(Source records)
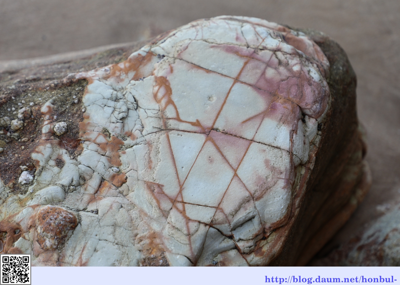 이건 차돌 같은 데, 자로 금을 그은 듯 가로, 세로, 대각선으로 일직선이다.
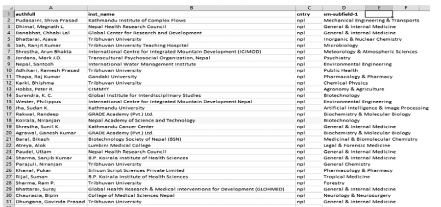 उक्त सूची अनुसार त्रिभुवन विश्वविद्यालयका ७ जना तथा नेपाल हेल्थ रिसर्च काउन्सिल (एनएचआरसी), बीपी स्वास्थ्य विज्ञान प्रतिष्ठान (बीपीकेएच) र अन्तर्राष्ट्रिय एकीकृत पर्वतीय विकास केन्द्र (इसिमोड)का २/२ जनालगायत समावेश छन्। जसमा त्रिभुवन विश्वविलालयका अजय भट्टराई, रमेश प्रसाद अधिकारी, भीष्म कार्की, त्रिविका निरञ्जन पराजुली, त्रिविका रामप्रसाद शर्मा, त्रिविका गोविन्द प्रसाद ढुंगाना र त्रिवि शिक्षण अस्पतालका रञ्जित कुमार साह रहेका छन् ।
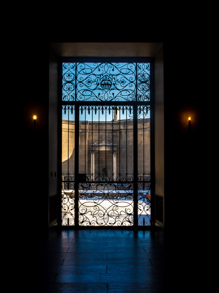 Fist off, I like the sepia look I think it adds to the over all feel of the image. I also like the framing and composition. The wall, lamp posts and the string of lights all create a strong leading line. The young girl looking back at you also helps to pull us into the image.
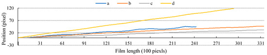 Furthermore, the rapid motion along the track direction of the camera will produce dynamic deformation in the vertical direction during the exposure process. Considering this, we employ a displacement to mitigate this deformation, which can be expressed using Equation (11).
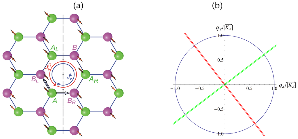 (a) graphene lattice, comprised of two sublattices with spin “up” and with spin “down” . Right and left valley currents and are shown as circular curves with arrows. Double arrows from site A to site and from A to indicate clockwise and anti-clockwise directions. The axis of mirror reflection from to is marked by dash-dotted line; (b) transformations of a q-circumference into ellipses under an action of exchange operators and (in color).
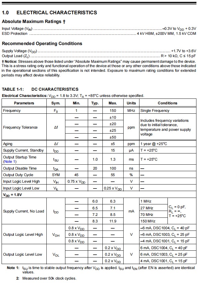 DSC1003AI1-050.0000 | Microchip晶振 | DSC1003 | 50MHz | 1.8 ~ 3.3V |
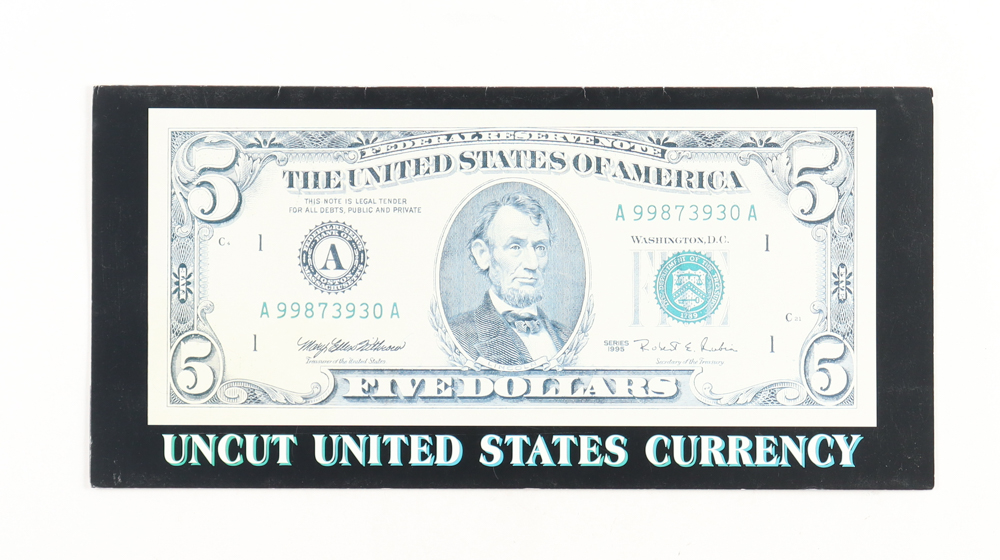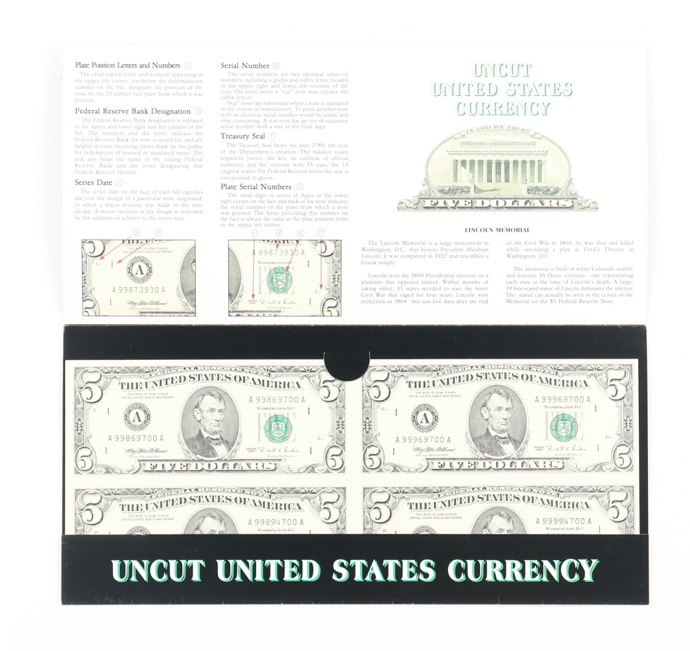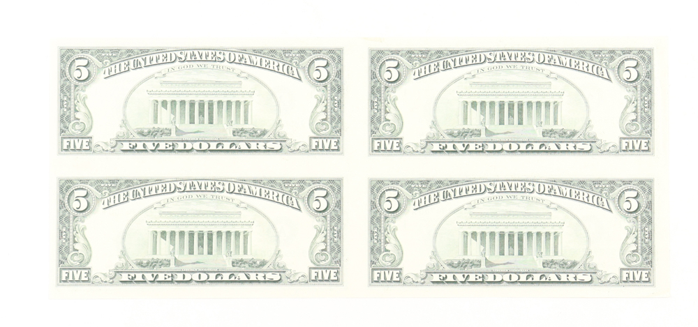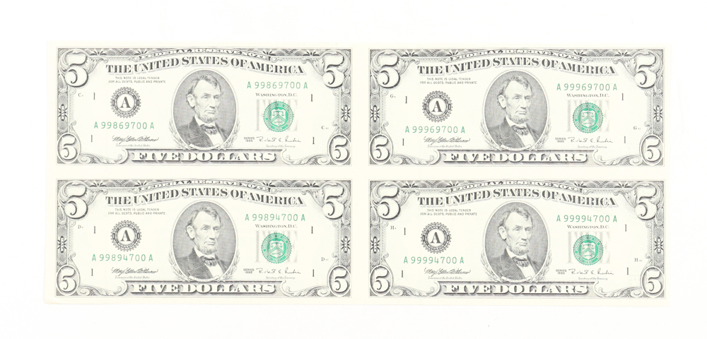 Uncut Sheet of (4) 1995 $5 Five-Dollar U.S. Federal Reserve Notes
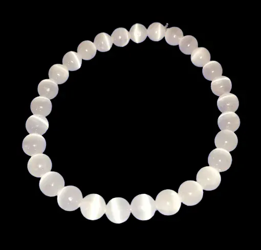Náramek ze selenitu tvořený z leštěných kuliček o průměru cca 6 mm je jemný, elegantní a zároveň silně působící minerální šperk. Selenit je známý jako kámen duchovní očisty, klidu a ochrany. Pomáhá uvolnit napětí, vyrovnávat emoční výkyvy a posiluje intuici.
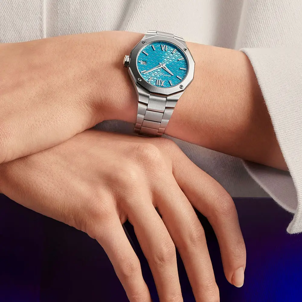 Mặt số màu xanh nhạt với họa tiết gợn sóng tinh tế gợi cảm giác tươi mới như đại dương. Kim và cọc số màu bạc, cùng số La Mã tại vị trí 12 và 6 giờ, đảm bảo khả năng đọc rõ ràng; lịch ngày tại vị trí 3 giờ mang lại sự tiện dụng hàng ngày.

● Activity
To answer, repeat exactly the lines from the line containing "Náramek ze selenitu" through the last line of the data above, leaving out all pictures.

● Output below
Náramek ze selenitu tvořený z leštěných kuliček o průměru cca 6 mm je jemný, elegantní a zároveň silně působící minerální šperk. Selenit je známý jako kámen duchovní očisty, klidu a ochrany. Pomáhá uvolnit napětí, vyrovnávat emoční výkyvy a posiluje intuici.
 Mặt số màu xanh nhạt với họa tiết gợn sóng tinh tế gợi cảm giác tươi mới như đại dương. Kim và cọc số màu bạc, cùng số La Mã tại vị trí 12 và 6 giờ, đảm bảo khả năng đọc rõ ràng; lịch ngày tại vị trí 3 giờ mang lại sự tiện dụng hàng ngày.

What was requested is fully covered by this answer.